На перекрестке чужой оркестр играл веселую полечку. Мелодия ее, вливаясь в марш, размыла его четкий ритм. По рядам спецов будто волна прошла.

— Возьмите ногу! Ногу возьмите! Ногу! — закричали девочки из колонны 36-й женской школы, мимо которой проходили в это время спецовские коробки.

Ближайшие соседки спецшколы, постоянные гостьи на ее вечерах, многие — подружки спецов, они, конечно, ревниво следили за своими любимцами и близко к сердцу принимали каждую их оплошность.
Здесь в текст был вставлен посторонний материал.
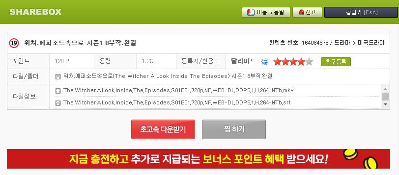 넷플릭스위처2는 제작은 한다는 소식은 있지만 언제 나올지는 예정이 없었어요. 그래서 저는 시즌1을 이 웹하드 사이트에서 찾아보고 있는데 보고 싶은 작품만 골라볼 수 있다는 장점이 있어서 굳이 정기구독료를 내고 볼 필요는 없었거든요. 제휴 콘텐츠의 경우 카드 마일리지와 OK캐쉬백을 포인트로 전환해 볼 수 있다는 장점이 있다.
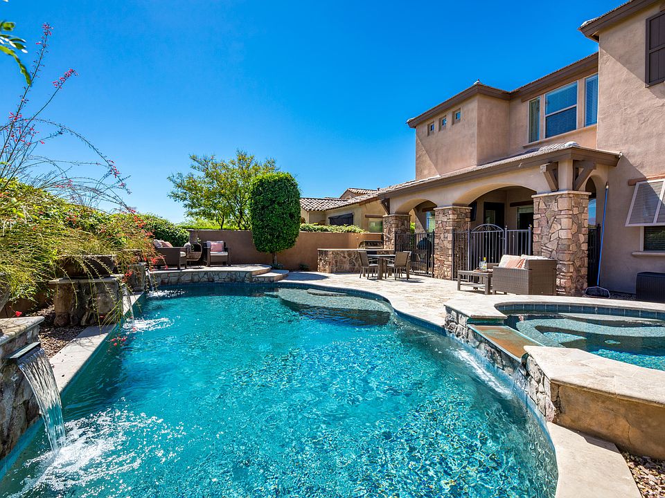 Beautifully cared for & freshly updated by the owners, this perfectly appointed cul-de-sac home in gated DC Ranch offers a light neutral color palette & an easy livable floor plan. First floor living includes charming formal living & dining spaces along with a newly upgraded chef's kitchen open to family room with stone fireplace/TV wall. First floor also includes guest bedroom & full bath. Second level offers intimate master retreat with luxurious bath, spacious open loft plus two additional bedrooms and bath. Enjoy private outdoor living with refreshing fenced pool & spa, built-in BBQ and wonderful covered patio space. Live the DC Ranch Lifestyle just minutes from shopping, dining & amenities. Welcome Home! (See homeowner improvements & floor plan in Documents Tab)

По рядам полетели команды: «Слушать барабан! Раз, два, три! Левой!» Коробки подтянулись, выровнялись, слились в единое существо и под дробь барабана четко и твердо пошли печатать согласные шаги по набегающему под ноги асфальту — так! так! так! И было такое чувство — одно на всех, — будто подхваченные легким весенним ветерком, они парят в воздухе, плывут среди праздничных толп навстречу радости, которая будет непременно.

Манюшка была счастлива.

Ощущение полета и счастья длилось долго — весь этот солнечный день и потом — в воспоминаниях. Хотя, как это часто бывает в пестрой суете жизни, не обошлось и без капли дегтя. Вскоре обнаружилось, что четвертая коробка время от времени начинает хромать. Выяснить причину не составило труда.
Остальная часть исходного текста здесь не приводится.